Leave out the images and transcribe the entries below word for word.
** Opening MATERIAL SHOWN block **
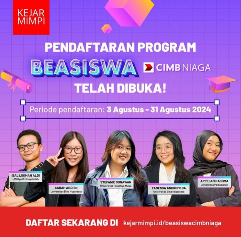 Beasiswa CIMB Niaga memberikan bantuan biaya pendidikan dan kesempatan magang di CIMB Niaga. Program ini sangat cocok bagi mahasiswa yang tertarik mengembangkan karier di sektor perbankan dan keuangan, memberikan pengalaman langsung di industri yang kompetitif.
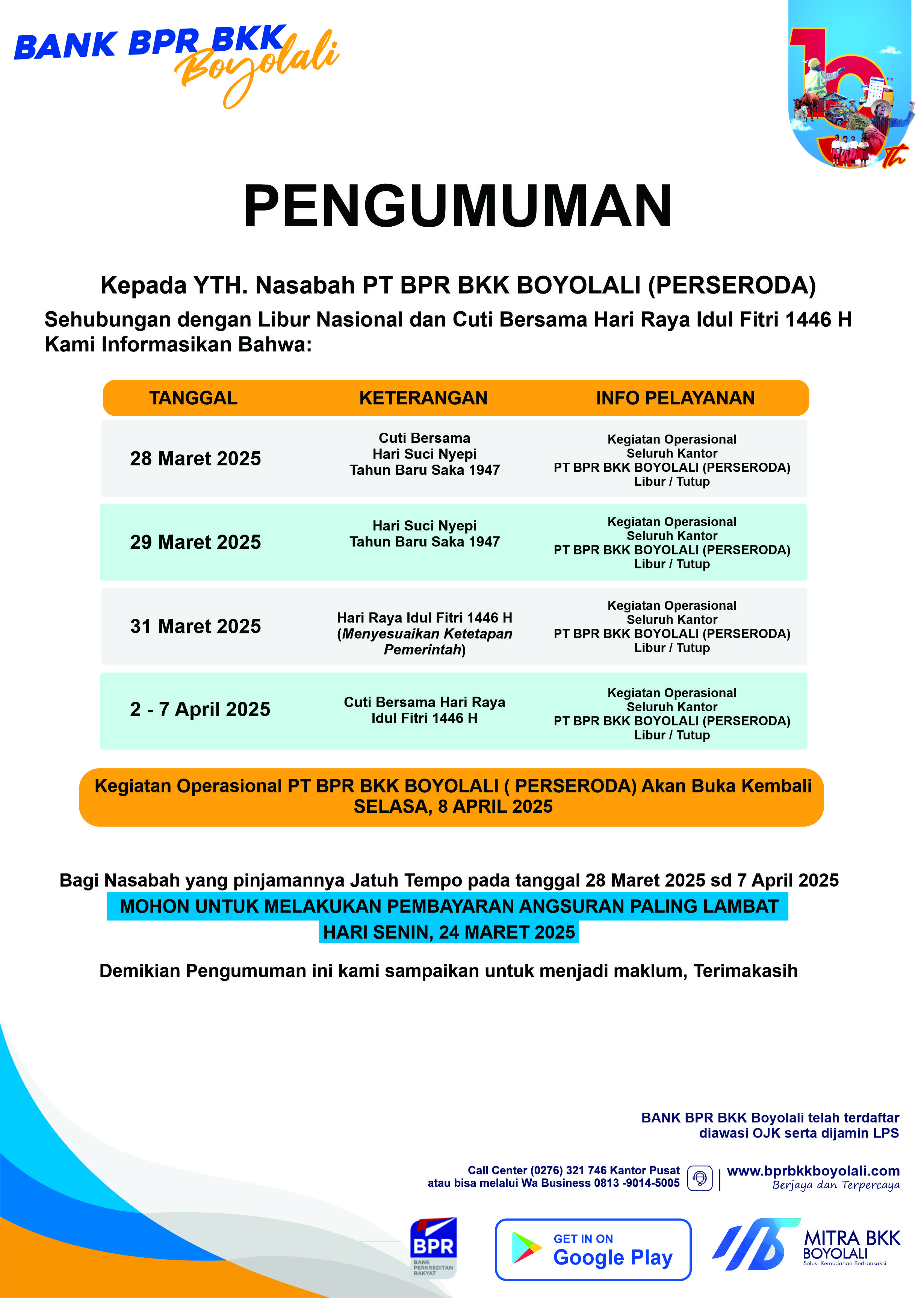 PENGUMUMAN ADMINISTRASI PENERIMAAN CALON ANGGOTA KOMISARIS PT BPR BKK BOYOLALI (PERSERODA)
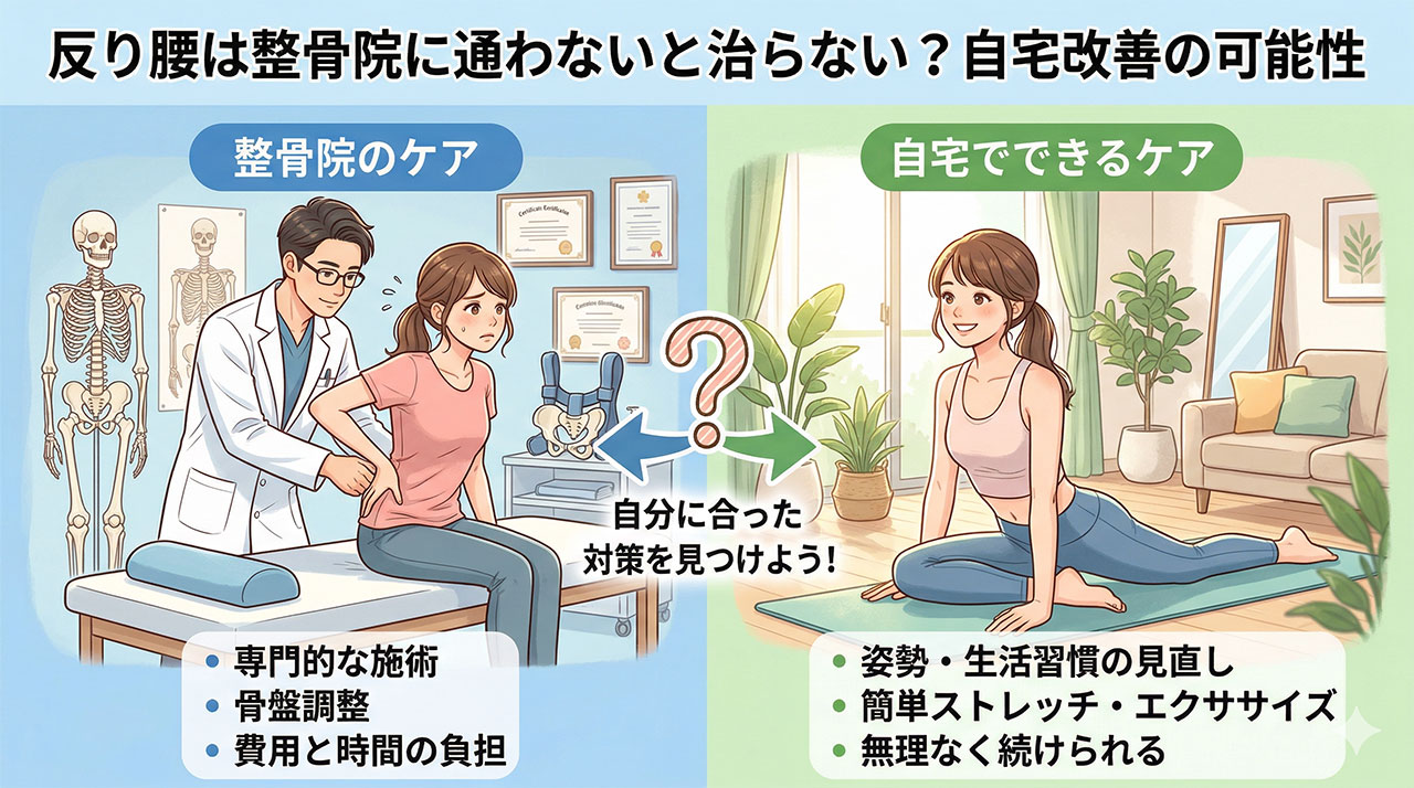 反り腰のケアは、整骨院に通う方法だけでなく、自宅での姿勢改善や生活習慣の見直しなど、さまざまな選択肢があります。大切なのは、自分のライフスタイルや続けやすさに合った方法を選ぶことです。
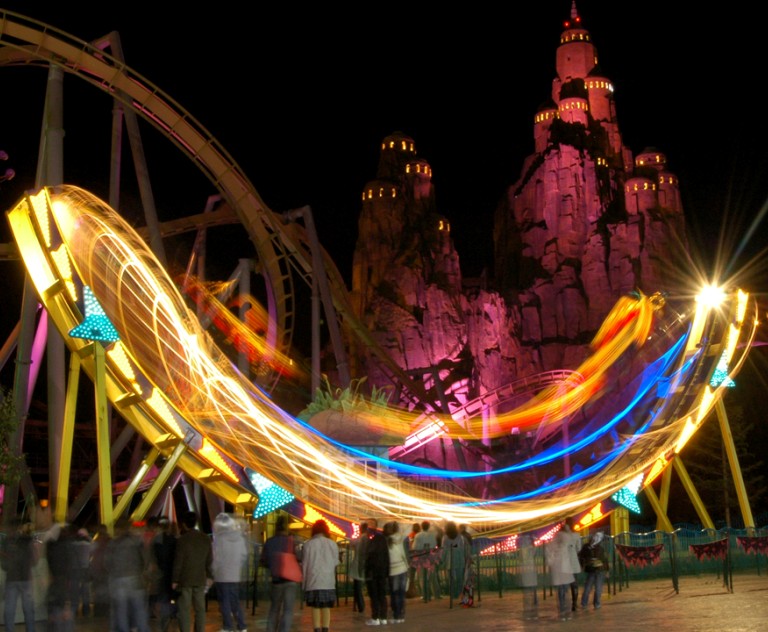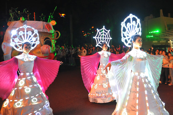 我們欣喜若狂很期待哦,帶著好心情,就在5:30出發了去歡樂谷狂歡,小伙伴們爭奇斗艷,各有各特色!一路上大家都保持沉默玩起手機來.到下車了我們成群結隊走上歡樂谷的臺階,看到遠方的南瓜燈,和炫彩繽紛的LED燈,哇!好多人啊,他們穿的各式各樣,噢?哪里還有假面舞會,各種小鬼翩翩起舞啊,真是太熱鬧了.大家都迫不及待的想融入,我們走進化妝間,趕快換上新衣服和面罩,匆匆忙忙的來到到廣場,廣播吼起來,HAPPY!HAPPY!萬圣夜!恐怖,驚悚外不說,關鍵是6大冒險指數為5星的鬼屋以外,更有鬼界集市,經過上海灘就有可能迷失在午夜的電車里,品嘗活人串燒,喪尸橫行金礦鎮,挑戰不是一點點.呼~
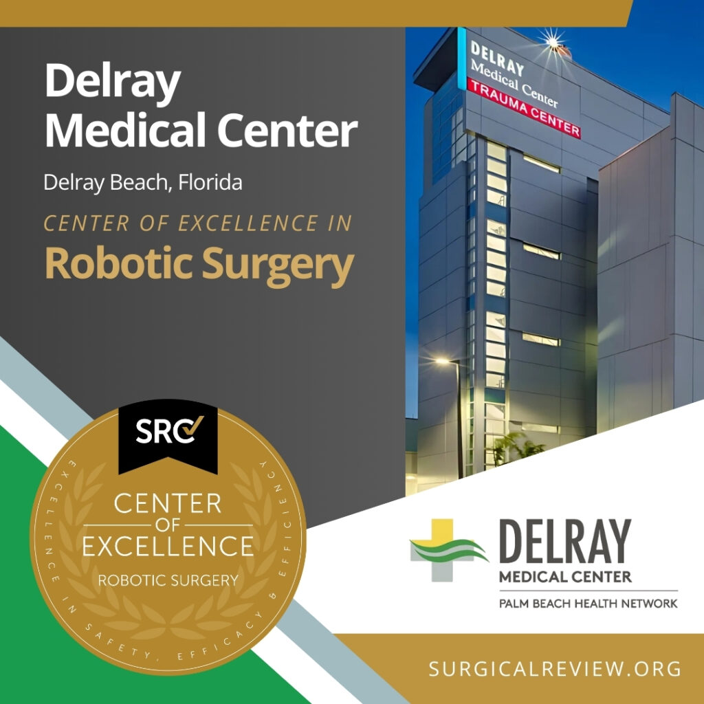 Delray Medical Center in Delray Beach, Florida has been accredited as an SRC Center of Excellence in Robotic Surgery.
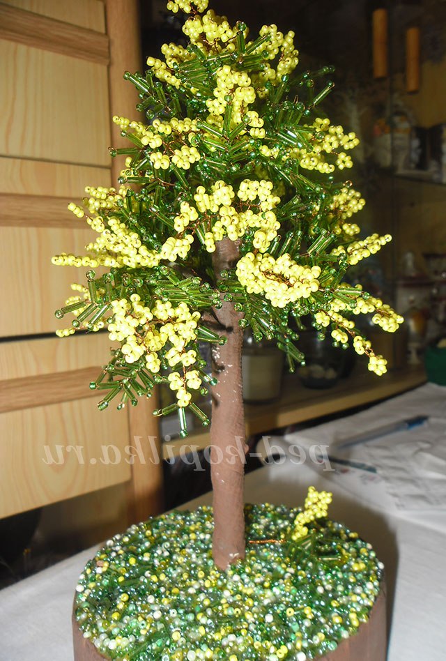 З бісеру можна зробити також мімозу в подарунок мамі або для прикраси інтер'єру.
** Closing MATERIAL SHOWN block **
[ANSWER TO THIS PROBLEM]
 Beasiswa CIMB Niaga memberikan bantuan biaya pendidikan dan kesempatan magang di CIMB Niaga. Program ini sangat cocok bagi mahasiswa yang tertarik mengembangkan karier di sektor perbankan dan keuangan, memberikan pengalaman langsung di industri yang kompetitif.
 PENGUMUMAN ADMINISTRASI PENERIMAAN CALON ANGGOTA KOMISARIS PT BPR BKK BOYOLALI (PERSERODA)
 反り腰のケアは、整骨院に通う方法だけでなく、自宅での姿勢改善や生活習慣の見直しなど、さまざまな選択肢があります。大切なのは、自分のライフスタイルや続けやすさに合った方法を選ぶことです。
 我們欣喜若狂很期待哦,帶著好心情,就在5:30出發了去歡樂谷狂歡,小伙伴們爭奇斗艷,各有各特色!一路上大家都保持沉默玩起手機來.到下車了我們成群結隊走上歡樂谷的臺階,看到遠方的南瓜燈,和炫彩繽紛的LED燈,哇!好多人啊,他們穿的各式各樣,噢?哪里還有假面舞會,各種小鬼翩翩起舞啊,真是太熱鬧了.大家都迫不及待的想融入,我們走進化妝間,趕快換上新衣服和面罩,匆匆忙忙的來到到廣場,廣播吼起來,HAPPY!HAPPY!萬圣夜!恐怖,驚悚外不說,關鍵是6大冒險指數為5星的鬼屋以外,更有鬼界集市,經過上海灘就有可能迷失在午夜的電車里,品嘗活人串燒,喪尸橫行金礦鎮,挑戰不是一點點.呼~
 Delray Medical Center in Delray Beach, Florida has been accredited as an SRC Center of Excellence in Robotic Surgery.
 З бісеру можна зробити також мімозу в подарунок мамі або для прикраси інтер'єру.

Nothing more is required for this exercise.